While my time in and around the Bay of Islands provide many stories to retell, where I spent most of my time in the area was at Ruapekapeka Pa, “pa” meaning Māori village. It is an historic Māori village. It was this village twelve miles out from Kawakawa that the British could not conquest during the New Zealand Wars. The Treaty of Waitangi turned to custard, as it would be said in the local vernacular. The Māori Chiefs who had no more declared the signing of the treaty – He iwi tahi tatou - “we are one people” before bad blood developed with Māori realizing that they were being ripped off by the British who were supposed to be their protectors. Ruapekapeka sits on elevated land and the Māori had created one of the most complex fortifications here; one the British couldn’t penetrate even with their 32 and 18 pounder cannons, 12-pound howitzers and 6-pound brass guns. The British began a cannonade of the hill on December 27, 1845 – the middle of their summer. And, even with the siege, the attack was unsuccessful due to the fortifications and the fact and that the village was all underground. My father-in-law first worked the Ruapekapeka farm land that surrounds this historic pa site for his friend, and when his friend, Bert, who was the last remaining indigenous owner passed away, the farm land was then bequeathed to our family. This is what had me on the site, mostly baling hay and feeding out. It was hard for me, the historian, to reconcile these once interconnected holes in the ground, ones which I was jumping into to above my waist, were once the entry way to the famous Māori village. Then there was Bert, one hundred fifty years later, still digging up cannon balls from the battle. It is a place where one should be filled with awe. 

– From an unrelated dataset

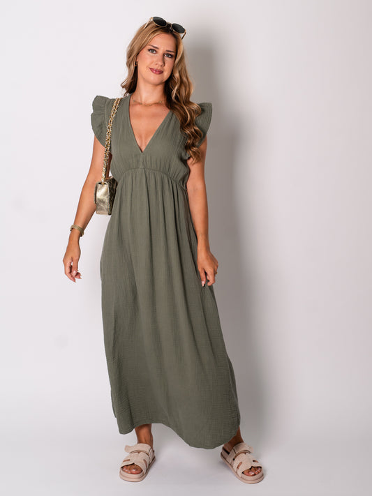 Leonora Musselin Kleid - Khaki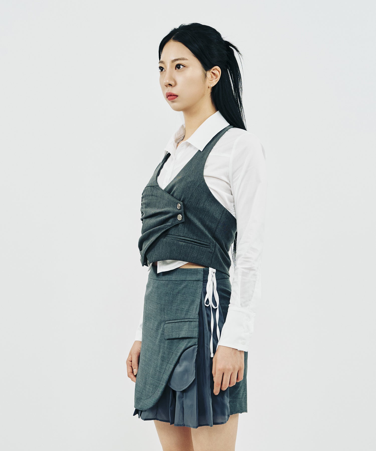 背面にかけて施されたアンバランスなシャーリングが、立体的な陰影を演出するモダンなデザイン。

I looked from this elevated site in the direction of the Bay of Islands to visualize the approach of the British, and mentally re-enact the two-week siege and battle that took place. No battle plan could effectively roust the Māori warriors of the Ngāpuhi iwi, who were led by Hone Heke and Te Ruki Kawiti, off this prime defensive post. However, it was on the Sunday morning, January 11, 1846, when the British sent scouts to assess whether the Māori were at their pa site. Determining that the Māori were absent and attending their European-inspired church service, the British decided to attack the pa. The Māori were indeed not at their pa because they assumed the missionary-driven British would be at church as well. The British ended up burning Ruapekapeka Pa to an unrecognizable Māori village.  

The New Zealand Wars were eventually won by the British and an uneasy “truce” has existed ever since within the country. This is why Waitangi Day ceremonies traditionally are a platform for Māori protestors, despite an overarching effort to foster an atmosphere of “we are one people”, to voice their opposition to The Treaty. This year’s Waitangi Day ceremony being no different as protesters collectively turned their back toward the government’s elected representative as he began to speech.  

Whether they be in peaceful protest, or enjoying a relaxing day on the beach, I’m remembering all of my kiwi family and friends here and abroad – Happy Waitangi Day!